The path narrows the further away from the houses that we get. Sawgrass leans in on both sides of the dock until we reach a space cleared. A live oak crouches ahead where perfection gives way to mud and water, its roots knuckled and twisted, branches cutting a lace of dark against the sky. The marsh opens past it in flat silver and black, the tide sliding in and out with a low whisper.

The moon hangs low behind thin clouds. Light spills over her face in washed-out blue. For a second she looks unreal. Fragile and fierce at the same time.

She slows as we reach the tree. Her fingers slip from mine.

It’s a tiny thing. It still hits like a punch.

I let her go. Her shoulders rise. Hold. Drop.

“You okay?” I ask.

She opens her eyes, still looking at the marsh surrounding us instead of me. “The others…they kept saying we were in the middle of nowhere, that it was hopeless,” she says. “Metal walls. No windows. Just…noise. After that first day, when I broke free for a few minutes, I had no idea if it was day or night until I escaped.”

My hand curls into a fist. Knuckles pop.

“That first day…when I woke up…I kept trying to make it make sense,” she goes on. “Count the screws. Count my breaths. Pretend I could hear something outside that told me where I was. I decided I was near the docks. Told myself if I got out, I could just… jump and run.”

Her voice thins, then steadies. She swallows.

“And then I got out.” Her fingers tighten on the rail. “And there was just water. Nothing. No lights. No shore. Just…the water. And the water was so far down.” She gestures at the marsh like it’s a ghost of that moment. “I’m terrified of heights. I’ve never told anyone that until that night.”

I step closer, slow enough she can shut me down if she wants. “You’re not out there now.”

“I know.”

She says it fast, automatic. Her body doesn’t buy it yet. The wind tugs her shirt against her spine. She shivers once, sharp and involuntary.

I’m done watching her shiver.

I reach behind my back and slide one of my knives from its sheath. The movement comes easy, my muscles doing what they’ve done a thousand times. The weight in my hand is familiar. Solid. Honest.

Her gaze drops to the blade as it catches a strip of moonlight. She doesn’t flinch. That shouldn’t wreck me. It does.

“What are you doing?” she asks, quiet.

“Making something make sense,” I say.

I move past her to the live oak and pick a spot in the bark at about my eye level. Anger hums under my skin—not at her. Never at her.

I’m angry at steel boxes and leather cuffs and the idea of anyone putting their hands on her and walking away.

I let that anger ride my arm. I draw back and drive the knife into the tree in one clean motion.

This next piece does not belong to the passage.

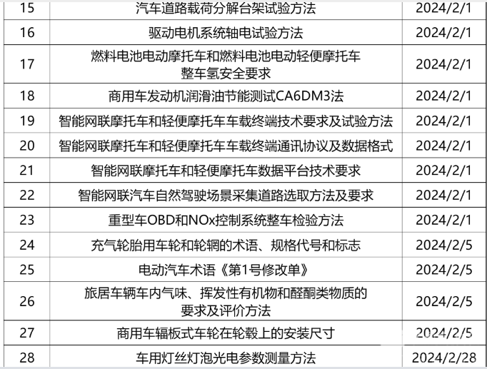 2024月份有大量征求意见稿发布(共计28个),内容包含零部件、动力电池、自动驾驶等方面,其中部分在月初征求意见的法规已在月底正式定稿发布,发布标准如下:
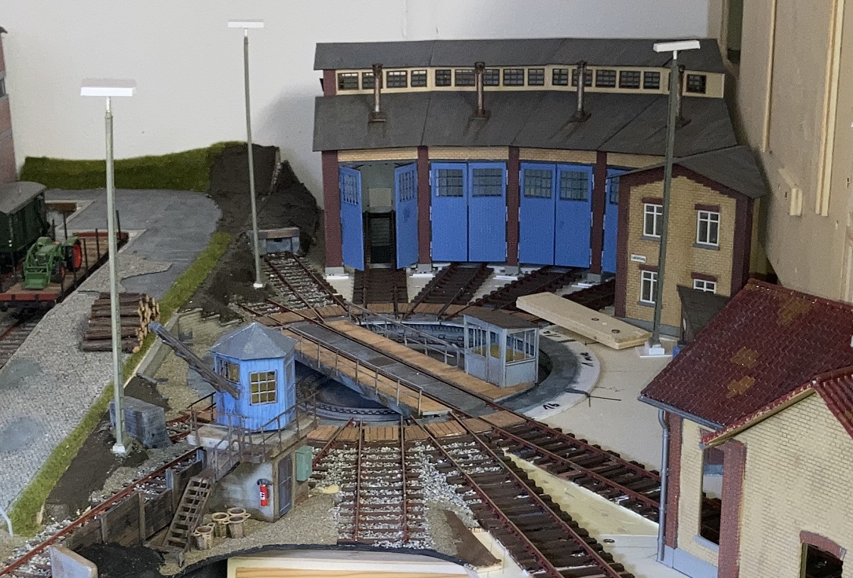Die Drehscheibe wurde fertiggebaut (Bühnenbelag aus Holz, Geländer, Häuschen und eine dezente Alterung)

Steel bites wood with a dull, solid thunk. The handle vibrates once under my palm, then goes still. The blade stands there, buried to the hilt.

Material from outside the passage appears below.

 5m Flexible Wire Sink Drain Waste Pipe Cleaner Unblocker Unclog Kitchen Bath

Phoenix startles. Not backward. Toward me. She spins, eyes wide, chest rising fast.

“Storm.”

“I’m not going anywhere,” I say. My voice comes out rough, like it was dragged over gravel. “You hear me?”

Her eyes flick from the knife to my face. Her pupils are blown wide in the low light.

“This,” I say, tapping the hilt with two fingers, “is me. Right here. On this island. On that ship. In a grocery store. In line at the DMV. Doesn’t matter where. I’m here for you.”